我正在尝试学习R并且有一个关于重塑以下数据集的问题。
bankname,date,year,month,quarter,totalliabilities,corr1,amt1,corr2,amt2
Bank of Pittsgurgh,2/7/1950,1950,2,1,237991,#N/A,#N/A,#N/A,#N/A
Bank of Pittsgurgh,5/2/1950,1950,5,2,258865,#N/A,#N/A,#N/A,#N/A
Bank of Pittsgurgh,8/7/1950,1950,8,3,218524,#N/A,#N/A,#N/A,#N/A,#N/A
Bank of Pittsgurgh,11/6/1950,1950,11,4,237520,First Bank,17472,Third Bank,30711
The Arsenal Bank,2/2/1950,1950,2,1,218508,#N/A,#N/A,#N/A,#N/A
The Arsenal Bank,5/3/1950,1950,5,2,224110,#N/A,#N/A,#N/A,#N/A
The Arsenal Bank,8/2/1950,1950,8,3,216071,#N/A,#N/A,#N/A,#N/A
The Arsenal Bank,11/1/1950,1950,11,4,226166,National Bank,20966,Trust Company,873
当我运行以下代码重塑时,我收到以下错误。我怎样才能解决这个问题? 另外,我想将amt变量解析为数值变量并删除此数据集中的#NA。我怎样才能解析这个变量?
- 首先我尝试创建“id”
bank_test2$id<-as.numeric(as.factor(bank_test2$bankname))
- 然后我尝试使用年份和季度创建一个唯一的时间变量
bank_test2$yq<-as.factor(paste(as.character(bank_test2$year),as.character(bank_test2$quarter)))

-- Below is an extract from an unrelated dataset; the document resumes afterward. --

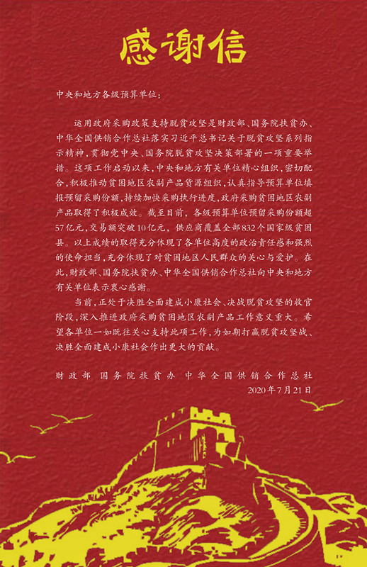 財政部致信感謝全國各預算單位運用政采政策支持扶貧
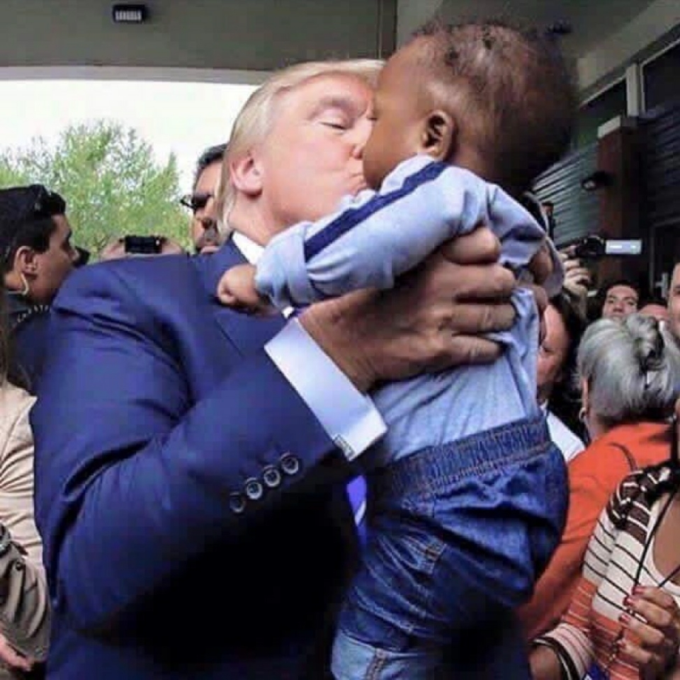 亚当斯的博客发出去不久,特朗普真的这么做了。特朗普亲了很多黑人小孩。

bank_test2<-bank_test2[with(bank_test2, order(yq,id)),]
- 塑造数据
v <- outer(c("corr", "amt"), c(1:2), FUN=paste0)
bank_test2<-reshape(bank_test2, direction='long', varying=c(v), sep='')
Error in `row.names<-.data.frame`(`*tmp*`, value = paste(d[, idvar], times[1L], :
duplicate 'row.names' are not allowed
In addition: Warning message:
non-unique values when setting 'row.names': ‘1.1’, ‘2.1’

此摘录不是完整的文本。